■ EXERCISE BRIEF ■
Could the lines from the start of the data through the line with "Der offene Wohnbereich" be set down exactly, with no pictures among them?

■ DATA SECTION ■
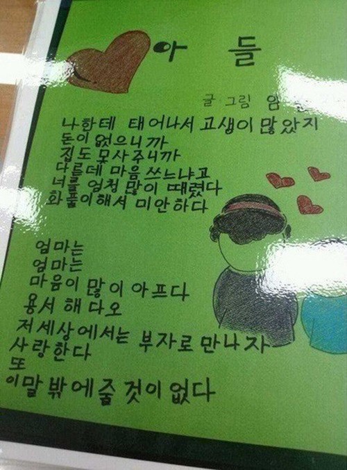 이 어머니는 시에서 "돈이 없으니까. 집도 못 사주니까. 다른 데 마음 쓰느냐고 너를 엄청 많이 때렸다. 화풀이해서 미안하다"면서 "엄마는 엄마는 마음이 많이 아프다. 용서해다오. 저 세상에서는 부자로 만나자. 사랑한다. 또 이 말밖에 줄 것이 없다"고 적었다.
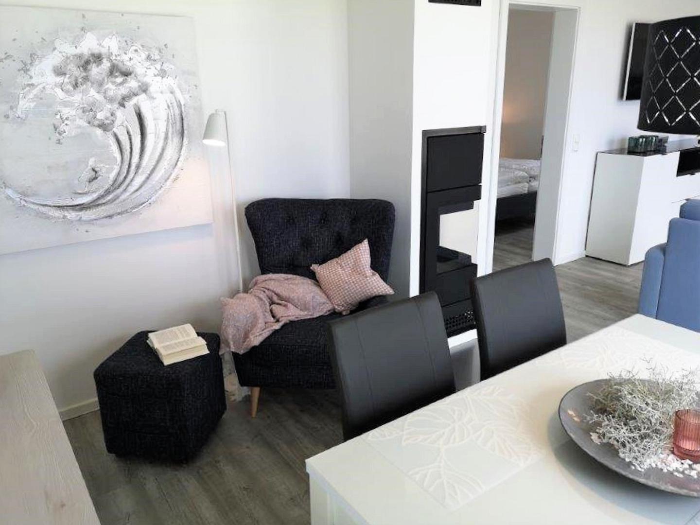 Der offene Wohnbereich mit Kamin rundet das Gesamtbild ab. Zur Befeuerung des Kaminofens sind nur Holzbriketts zugelassen!
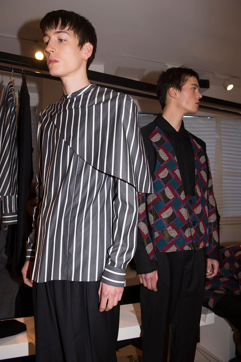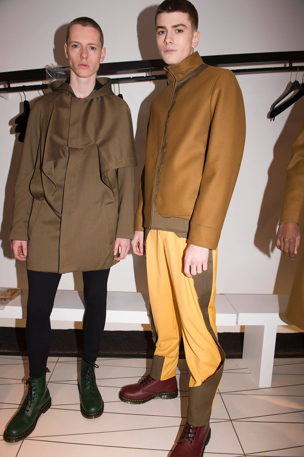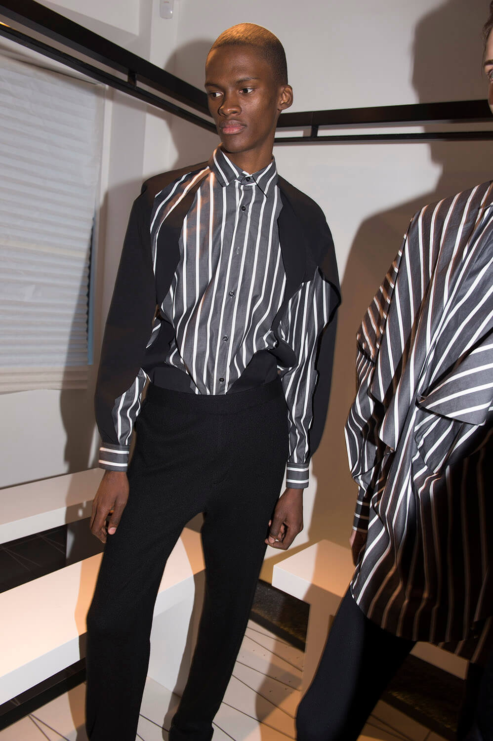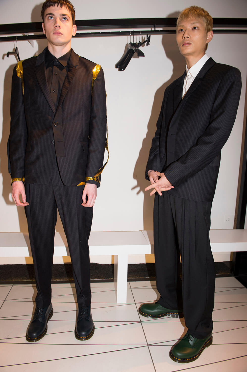 Hussein Chalayan shows his menswear in his Mayfair store. Which fits. These are clothes to buy, and clothes to wear. Which is not to say they are “normal” – Hussein is a cerebral designer, and does not deal in such. But they are clothes you at least recognise – menswear staples, tailoring, knitwear, the overcoat – transformed into something that you don’t quite. What that means is that even in the simplest of garments, each stitch and seam is considered – from the sweeping, twisted tailoring, that looped round the body, or was trimmed with foil, to the subtler details – like a perfect knit jumper, slashed at the seam of its polo-neck, or padded jackets that folded down at the lapels. The sort of clothing whose simplicity hides. It’s a clever thing to sell simplicity – but Hussein is a clever man, and these are clever clothes. Ones that warrant a second look – or, simply, a return visit to that store.

■ OUTPUT OF THE EXERCISE ■
 이 어머니는 시에서 "돈이 없으니까. 집도 못 사주니까. 다른 데 마음 쓰느냐고 너를 엄청 많이 때렸다. 화풀이해서 미안하다"면서 "엄마는 엄마는 마음이 많이 아프다. 용서해다오. 저 세상에서는 부자로 만나자. 사랑한다. 또 이 말밖에 줄 것이 없다"고 적었다.
 Der offene Wohnbereich mit Kamin rundet das Gesamtbild ab. Zur Befeuerung des Kaminofens sind nur Holzbriketts zugelassen!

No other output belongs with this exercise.